Taking to water

Even the sounds of the water swirling and splashing contribute to developing those sensory...
Even the sounds of the water swirling and splashing contribute to developing those sensory pathways. Photo: Getty Images

Parenting columnist Ian Munro discusses young children and water safety.

It hasn’t been the greatest weather for swimming so far this summer. Driving rain is lashing the window as I write.

However, any time is a great time to get baby swimming.
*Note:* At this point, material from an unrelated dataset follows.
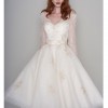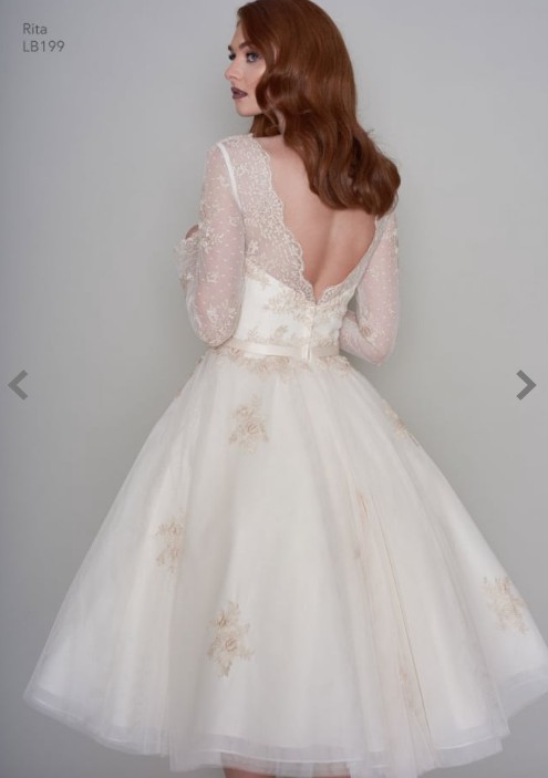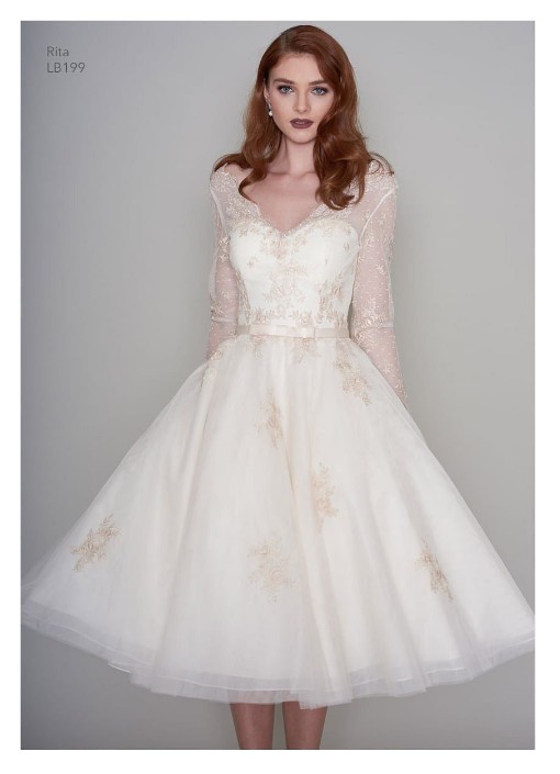 RITA by Loulou Bridal - A stunning Lace and Tulle Ivory & Gold 1950s 60s Inspired Tea Length Short Wedding Dress with Full Sleeve.

Babies have an innate ability to cope with water.

If you think about it, they have only just finished living in an aquatic environment and know more about moving around in that than they do about getting around on carpet or vinyl.

By capitalising on this as soon after birth as possible, you not only provide baby with a warm, gentle reminder of this period of their life but also provide an opportunity for a full range of safe physical activity along with stimulation of all parts of their skin.

Every movement, every sensation is registering in the brain. Even the sounds of the water swirling and splashing contribute to developing those sensory pathways.

The best way of doing this is to run a full bath and get in with baby. Make sure the water is about 32degC, and, if not full, then deep enough to cover their shoulders to keep them warm and allow them to keep moving.

Provide support using both hands cupped under the chest. You aren’t holding, just supporting and you wil find that baby will float without further help. For very young babies who can’t hold their head up yet, you will also need to support gently under the chin.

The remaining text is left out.